A tese oposta ao marco temporal é a do “indigenato”. O Conselho Indigenista Missionário (CIMI) explica que o indigenato é uma tradição legislativa que entende que os povos indígenas têm direito à terra como um direito originário, anterior à formação do próprio Estado.
Por que isso importa
Se o marco temporal for reconhecido, o direito dos povos indígenas aos seus territórios será restringido. A tese, segundo seus opositores, legitima a violência contra essas populações. Isso importa por que a manutenção e a sobrevivência das culturas indígenas está associada ao direito desses povos à terra.
Para especialistas e organizações que acompanham a discussão, a tese do marco temporal é injusta porque ignora as muitas perseguições vividas pelos povos indígenas ao longo da história do Brasil — perseguições que, em muitos casos, obrigaram essas populações a deixar seus territórios de origem.

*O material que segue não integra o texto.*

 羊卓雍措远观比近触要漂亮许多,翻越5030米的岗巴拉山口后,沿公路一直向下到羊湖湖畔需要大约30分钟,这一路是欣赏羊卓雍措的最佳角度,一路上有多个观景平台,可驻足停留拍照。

Ignora, também, o fato de que, até 1988, os indígenas eram tutelados pelo Estado brasileiro. Isso significa que não tinham autonomia para propor ações à Justiça. A Constituição de 1988 foi a primeira a reconhecê-los como sujeitos de direito.

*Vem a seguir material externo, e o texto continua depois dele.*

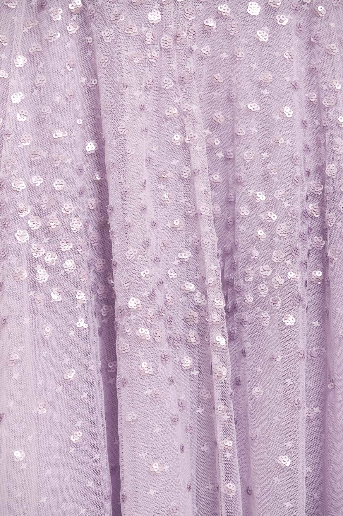 NEW SEASON. The Scallop Sequin V-Neck Ankle Gown in Lavender. Features luminous sequins cascading across soft tulle. Designed with a flattering V-neckline and flowing silhouette, this gown radiates understated elegance.

O julgamento do Marco Temporal, além disso, coloca o Brasil sob escrutínio internacional. Em texto no portal UOL, o jornalista Jamie Chade lembrou que a Comissão Interamericana de Direitos Humanos (CIDH) pressiona pela derrubada da tese por entender que ela “contradiz as normas internacionais e interamericanas de direitos humanos, em particular a Convenção Americana sobre Direitos Humanos e a Declaração Americana sobre os Direitos dos Povos Indígenas”.
Se decidir pela derrubada definitiva do marco temporal, o STF pode, teoricamente, por fim aos processos judiciais que questionam o direito dos indígenas à terra. Seria um respiro bem-vindo, capaz de pacificar conflitos.